5.7 Benefits Upon Termination. Except as otherwise provided in this Agreement, in the event of termination of Executive’s employment under Sections 5.1 through 5.6 above, Executive’s entitlement to benefits under any Benefit Plan (as defined in Section 3.5 above) shall be determined in accordance with applicable law and the provisions of such Benefit Plan.
5.8 Termination by Mutual Consent. Notwithstanding any of the foregoing provisions of this Section 5, if, at any time during the Term, the Parties by mutual consent decide to terminate this Agreement, they may and shall do so by separate agreement setting forth the terms and conditions of such termination.
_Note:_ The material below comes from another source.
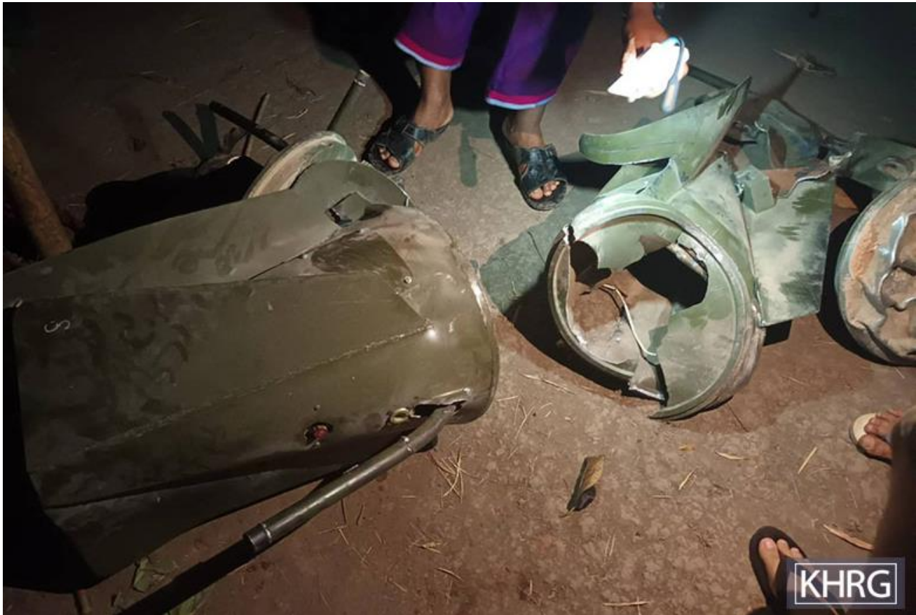
တၢ်ဂီၤတဘျၢၣ်အံၤဘၣ်တၢ်ဒိန့ၢ်အိၣ်ဖဲ လၢအူၤဖျၢၣ် ၁၁သီ, ၂၀၂၂န့ၣ် ဒီးပံၤဖျါထီၣ်ဝဲ ဖဲလၢအူၤဖျၢၣ် ၁၀သီ, ၂၀၂၂ န့ၣ်အနံၤန့ၣ် ကီၢ်ပယီၤသးကဘီယူၤခးသး ကွံာ်လီၤမ့ၣ်ပီၤကျိၣ်ဖးဒိၣ်လၢအပီၤဖးထီၣ်ဝဲ အကူအစီအိၣ်တၢ်သ့ၣ်တဖၣ် ဖဲတၢ်လီၢ်လၢအဘူးဒီးလုက့ၣ်ကီၢ်ဟီၣ်ကဝီၤ, ဖလူကရူာ်, ကိးတရဲးကီၢ်ဆၣ်, ခူးပျၢၣ်ယာ်ကီၢ်ရ့ၣ်န့ၣ်လီၤ. သဝီဖဲသ့ၣ်တဖၣ်န့ၣ်ဝဲလၢ မ့ၣ်ပီၤသ့ၣ်တဖၣ်အံၤ ပုၤဖျၢၣ်ဒီးကံသဝံအာသ့ၣ်တဖၣ် မ့ၣ်လၢမ့ၣ်ပီၤသ့ၣ်တဖၣ်အံၤ ပီၤဖးထီၣ်အခါ သဝီဖဲလၢအလဲဃုသ့ၣ်ညါတၢ် ဖဲတၢ်ကဲထီၣ်သးအလီၢ်သ့ၣ်တဖၣ် တူၢ်ဘၣ်ဝဲလၢအခိၣ်မူၤ, မဲာ်ချံၣ်ကီၢ်အူ ဒီးသးကလဲာ်ဘၣ်သးဘျီသ့ၣ်တဖၣ် အိၣ်အယိန့ၣ် လီၤ.

မ့ၣ်ပီၤဒီးကျိၣ်ချံၣ် လီၤဒဲတၢ်စူၤထံ-ပယီၤသးကဘီယူၤခးလီၤမ့ၣ်ပီၤကျိၣ်ဖးဒိၣ်လၢ 'တၢ်မ့ၣ်တၢ်ခုၣ်ဝုၢ်' ဒီးပုၤဖျၢၣ်အိၣ်ကဒုလီၢ်ဟီၣ်ကဝီၤပူၤလၢ ခူပျၢၣ်ယာ်ကီၢ်ရ့ၣ်, လၢဒိၣ်စဲဘၣ် ၂၀၂၃န့ၣ် တုၤလၢမ့ၤ ၂၀၂၂န့ၣ်

5.9 Withholding. All payments required to be made by the Company to Executive under Section 5 of this Agreement shall be subject to the withholding of such amounts, if any, relating to tax and other payroll deductions as must be withheld pursuant to any applicable law or regulation.
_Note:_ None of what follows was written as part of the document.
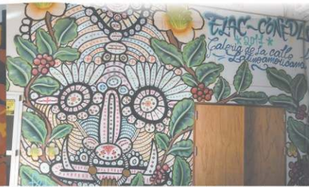
Realizado por Subone (Mateo Chaves) y Fado, donde partici- paron estudiantes. En el marco del XV Encuentro Nacional y VII Latinoamericano de Estudiantes de Comunicación. 2017
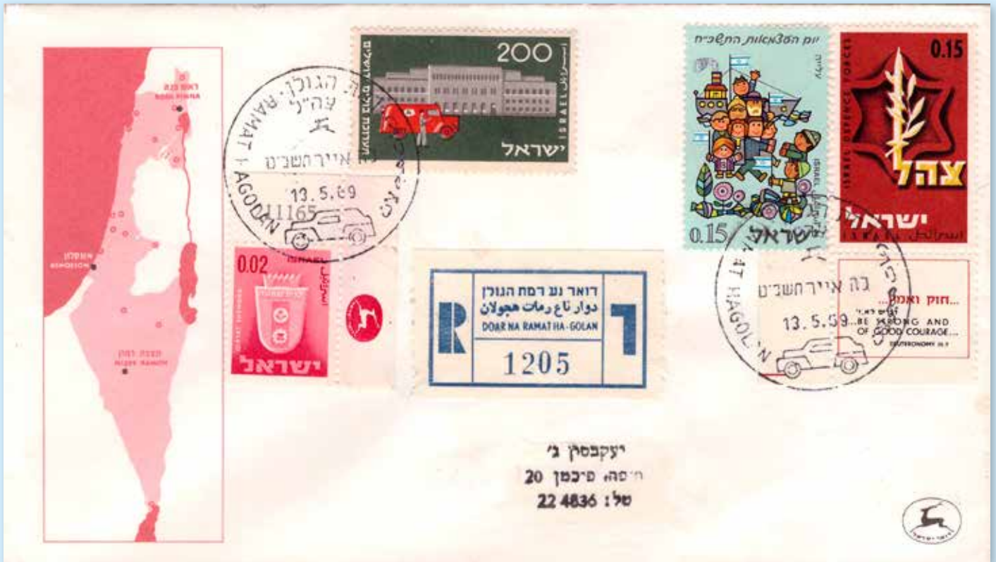
Eingeschriebener Brief mit R-Zettel „Mobile Post Ramat Ha-Golan“ vom 13. Mai 1959. Landkarte Israel mit eingezeichneten Mobilpostämtern. Dreisprachiger Mobilpost-Stempel von Ramat Ha-Golan.

5.10 Notice of Termination. Any purported termination of Executive’s employment by the Company for any reason, or by Executive for any reason, shall be communicated by a written “Notice of Termination” to the other Party. A “Notice of Termination” shall mean a dated notice that: (a) indicates the specific termination provision in this Agreement relied on; (b) sets forth in reasonable detail the facts and circumstances claimed to provide a basis for termination of Executive’s employment under the provision so indicated; (c) specifies a Date of Termination; and (d) is given in the manner specified in Section 6.2. “Date of Termination” shall mean the later of: (i) the date specified in the Notice of Termination required by this Section; and (ii) the date Notice of Termination is deemed to have been duly given in accordance with Section 6.2 of this Agreement.
6. GENERAL PROVISIONS.
6.1 Assignment. The Company shall assign this Agreement and its rights and obligations hereunder in whole, but not in part, to any corporation or other entity with or into which the Company may hereafter merge or consolidate or to which the Company may transfer all or substantially all of its assets, if in any such case said corporation or other entity shall by operation of law or expressly in writing assume all obligations of the Company hereunder as fully as if it had been originally made a party hereto; the Company may not otherwise assign this Agreement or its rights and obligations hereunder. Executive may not assign or transfer this Agreement or any rights or obligations hereunder.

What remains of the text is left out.